Entries taken from a collection:

=== Section Start ===

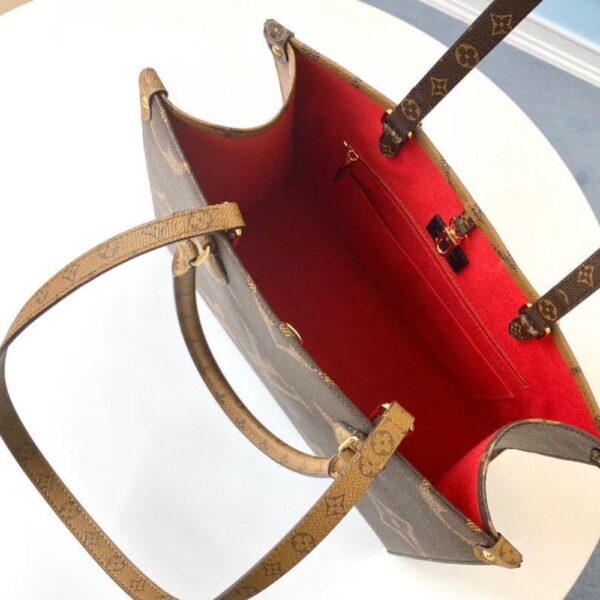 The name says it all: OnTheGo MM takes care of business or shopping, with plenty of room for a busy woman’s essentials. With Giant Monogram canvas on one side and Monogram Reverse on the other, it is virtually two bags in one. Twin Toron top handles and two shoulder straps offer several different carry styles, for extra versatility.
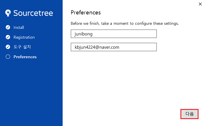 저는 Github과 동일한 메일과 이름을 쓰도록 하겠습니다.
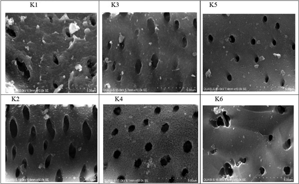 對原始活性炭(圖3中的K1)的掃描顯示出相當(dāng)均勻的孔�;钚蕴康慕Y(jié)構(gòu)可以看作是薄片,為不規(guī)則分布和各種尺寸的孔提供了較大的吸附面積。表面上的大多數(shù)可見孔都在5微米范圍內(nèi),這與對椰殼活性炭的預(yù)期一致,而在這5微米孔內(nèi)可以看到小于1微米的較小孔。圖3中的K2顯示了在氯酸鹽吸附到表面活性部位后活性炭表面的變化。這些孔有變化的跡象,因為其中一些吸附氯酸鹽,而其他孔被氯酸鹽和氯化物分子阻塞。在10,000倍的放大倍率下,可以觀察到小孔周圍和大孔入口處的沉積,因為預(yù)計表面活性基團(tuán)會大量存在于這些區(qū)域�;钚蕴康乃嵝栽偕鷺O有可能形成了表面活性部位,從而增強(qiáng)了活性炭吸附大量氯酸鹽的能力。
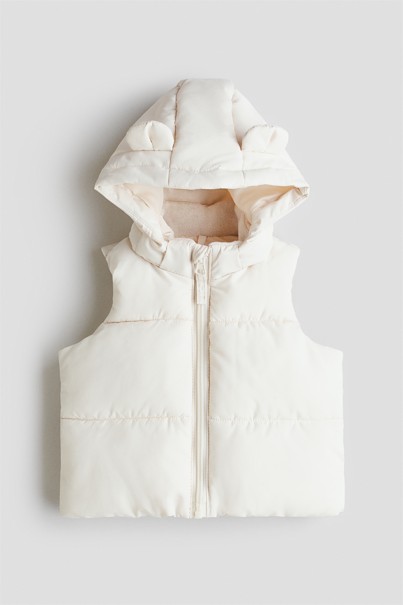 Пуховик с мягкой подкладкой и съемным капюшоном с аппликацией в виде ушей. Воротник-стойка и застежка-молния спереди с защитой подбородка от натирания. На подкладке.
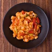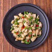 Basa fish cubes stir-fried with green onion, scrambled egg, and tomato in tomato sauce
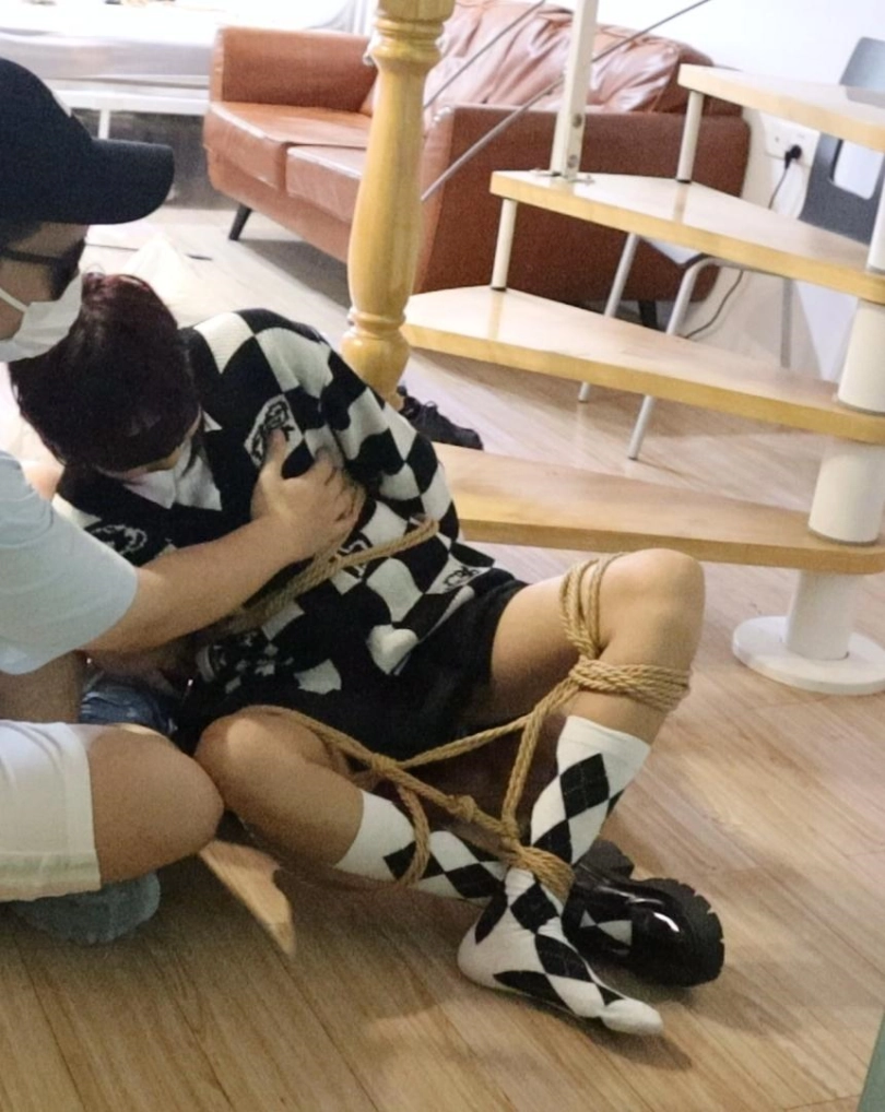 ps(这里出现绳子卡到B的手腕上 导致手臂剧痛 女孩超级疼 连忙把吊起来的手臂放下,后面换上了手链绑到柱子身后
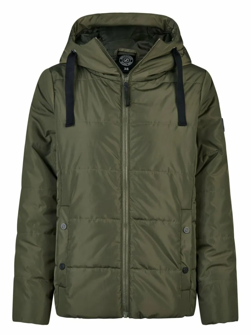 Diese wattierte Damenjacke kombiniert zeitloses Design mit maximalem Tragekomfort. Dank der Steppung bietet sie eine ausgezeichnete Wärmeisolierung und schützt zuverlässig vor Wind und Kälte. Der praktische Reißverschluss ermöglicht einfaches An- und Ausziehen, während die verstellbare Kapuze mit Kordelzug zusätzlichen Schutz bei unbeständigem Wetter bietet. Zwei Taschen setzen modische Akzente und bieten zugleich ausreichend Platz.
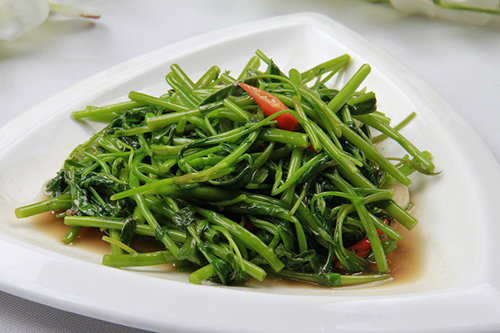 空心菜焯水的熟度以控制在七八成為宜,盡量縮短后期炒制的時(shí)間。
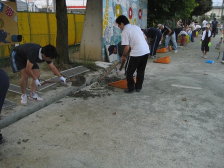 本日(21日)午前7時から、PTA奉仕作業が行われました。たくさんの保護者の方々に参加していただき、校庭の側溝掃除、草取り、校舎内のガラスふき、トイレ掃除などを計画どおりすすめることができました。2学期に向けて学校がきれいになりました。ありがとうございました。
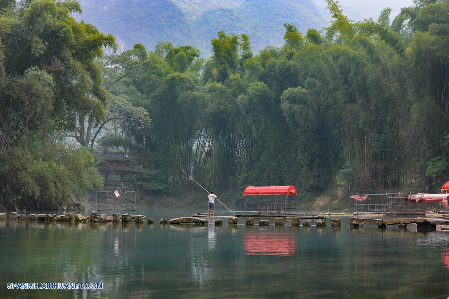 GUIZHOU, septiembre 12, 2018 (Xinhua) -- Un hombre rema a bordo de una balsa de bambú en el punto escénico de Daxiaojing, en el condado de Luodian, provincia de Guizhou, en el suroeste de China, el 12 de septiembre de 2018. (Xinhua/Liu Xu)

=== Section End ===

» THE PROBLEM
I would like an exact copy of the lines from the one holding "Basa fish cubes" through the last line of the entries above, with the pictures left out.

» RESPONSE
 Basa fish cubes stir-fried with green onion, scrambled egg, and tomato in tomato sauce
 ps(这里出现绳子卡到B的手腕上 导致手臂剧痛 女孩超级疼 连忙把吊起来的手臂放下,后面换上了手链绑到柱子身后
 Diese wattierte Damenjacke kombiniert zeitloses Design mit maximalem Tragekomfort. Dank der Steppung bietet sie eine ausgezeichnete Wärmeisolierung und schützt zuverlässig vor Wind und Kälte. Der praktische Reißverschluss ermöglicht einfaches An- und Ausziehen, während die verstellbare Kapuze mit Kordelzug zusätzlichen Schutz bei unbeständigem Wetter bietet. Zwei Taschen setzen modische Akzente und bieten zugleich ausreichend Platz.
 空心菜焯水的熟度以控制在七八成為宜,盡量縮短后期炒制的時(shí)間。
 本日(21日)午前7時から、PTA奉仕作業が行われました。たくさんの保護者の方々に参加していただき、校庭の側溝掃除、草取り、校舎内のガラスふき、トイレ掃除などを計画どおりすすめることができました。2学期に向けて学校がきれいになりました。ありがとうございました。
 GUIZHOU, septiembre 12, 2018 (Xinhua) -- Un hombre rema a bordo de una balsa de bambú en el punto escénico de Daxiaojing, en el condado de Luodian, provincia de Guizhou, en el suroeste de China, el 12 de septiembre de 2018. (Xinhua/Liu Xu)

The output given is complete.